ASSA vs. RSSA and the no cul-de-sac conjecture was (AB continuity)

While I wasn't around for the original ASSA vs. RSSA arguments on the
list here, and I'm sure I'm risking a rehash of things back then, the
recent traffic over "adult vs. child" and "AB continuity" seems to
revolve around this anyway.

It seems intuitively obvious to me that from a 1st-person perspective, I
have to treat successor observer moments with a /conditional/
probability.  My next observer moment I face would be selected from
among only those where a), I am conscious, and b) those with memories of
this one, or more generally, with a causal thread of continuity with
this one (unitary evolution of SW).  So my subjective expectation would
then be the absolute probability of those occurring conditioned on, or
given, that the one I'm in now has already occurred.
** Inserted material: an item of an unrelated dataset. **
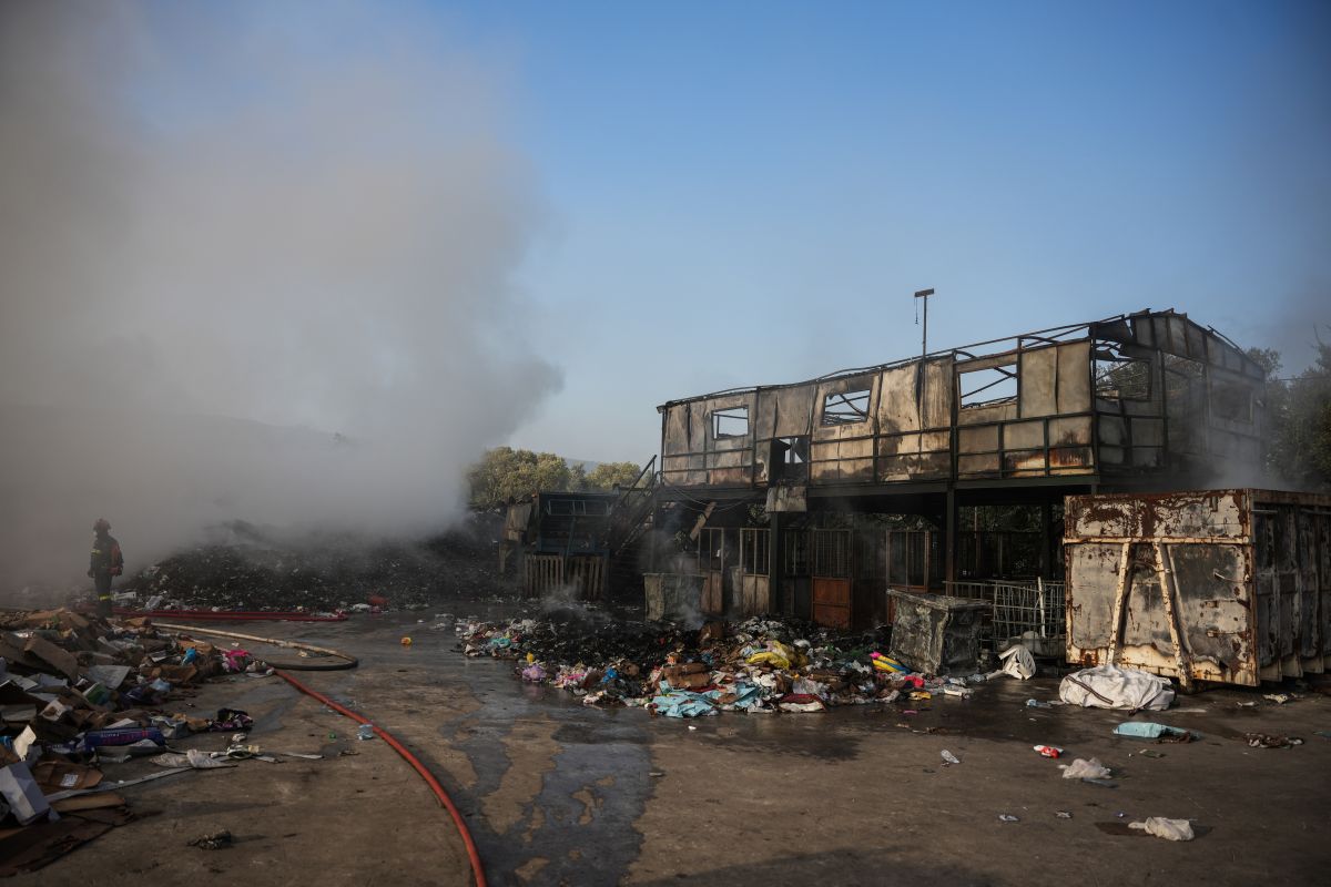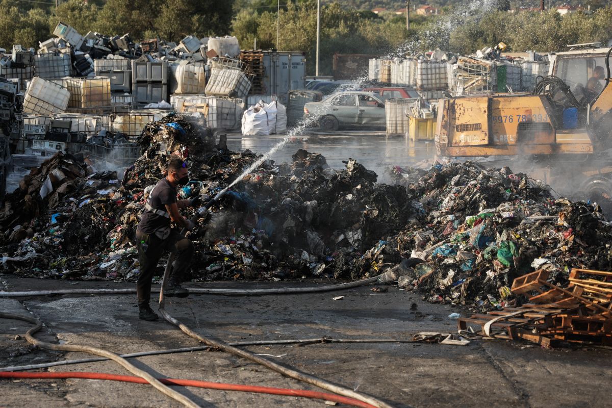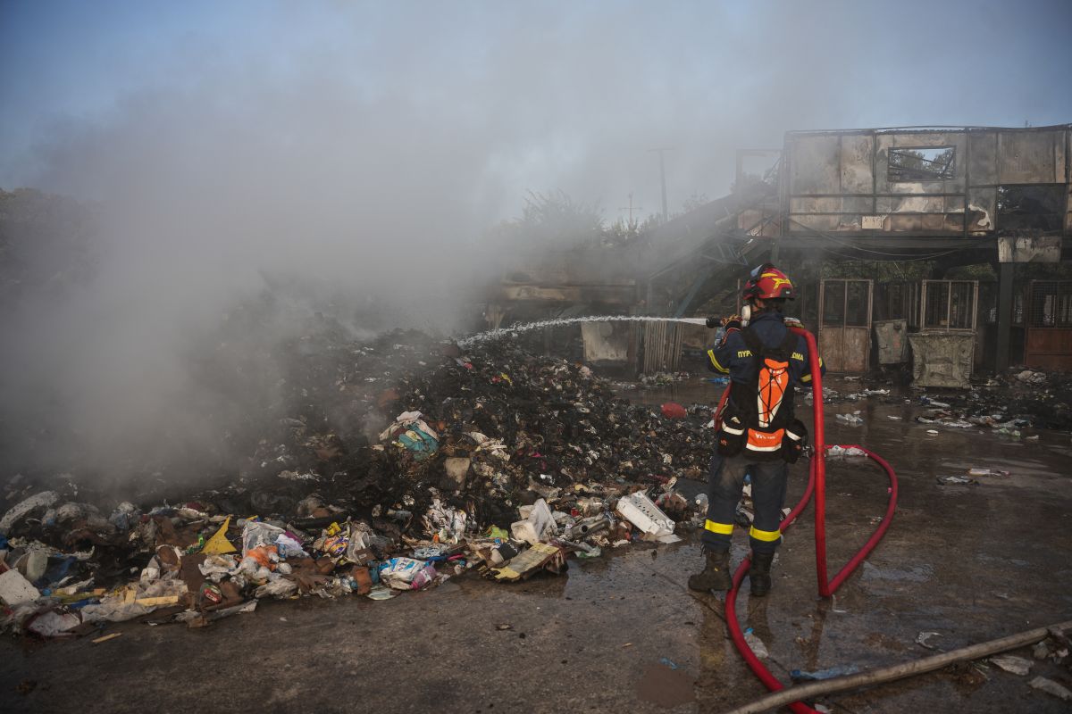 Όπως δήλωσε στο Αθηναϊκό-Μακεδονικό Πρακτορείο Ειδήσεων ο διευθύνων σύμβουλος εταιρείας «Ανακύκλωση Αιγαίου», Παναγιώτης Σινιόρος «κάηκαν ανακυκλώσιμα υλικά προερχόμενα στη συντριπτική τους πλειοψηφία, πάνω από το 80% τους, από μπλε κάδους. Δυστυχώς, υπήρχε αποθηκευμένο υλικό προς ανακύκλωση περισσότερο απ’ ό,τι συνήθως λόγω των δυσκολιών μετακίνησης αυτό το διάστημα φορτηγών από και προς τον Πειραιά και στη συνέχεια προς εργοστάσια ανακύκλωσης. Πάντως, οι τελευταίοι εργάτες έφυγαν χθες, Δευτέρα, μετά την ολοκλήρωσης της διαλογής, μετά τις 6 το απόγευμα και φεύγοντας κατέβρεξαν τα υλικά».

It is an open question (to me at least) whether there are any observer
moments without successors, i.e., where the amplitude of the SW goes to
zero.  If it does not, then this implies that the always branching tree
of observer moments has no leaf nodes--rather, it becomes an ever finer
filigree of lines, but any particular point will always have a
downstream set of forks.  This is the essence of the no cul-de-sac
conjecture, and the crux of the quantum theory of immortality.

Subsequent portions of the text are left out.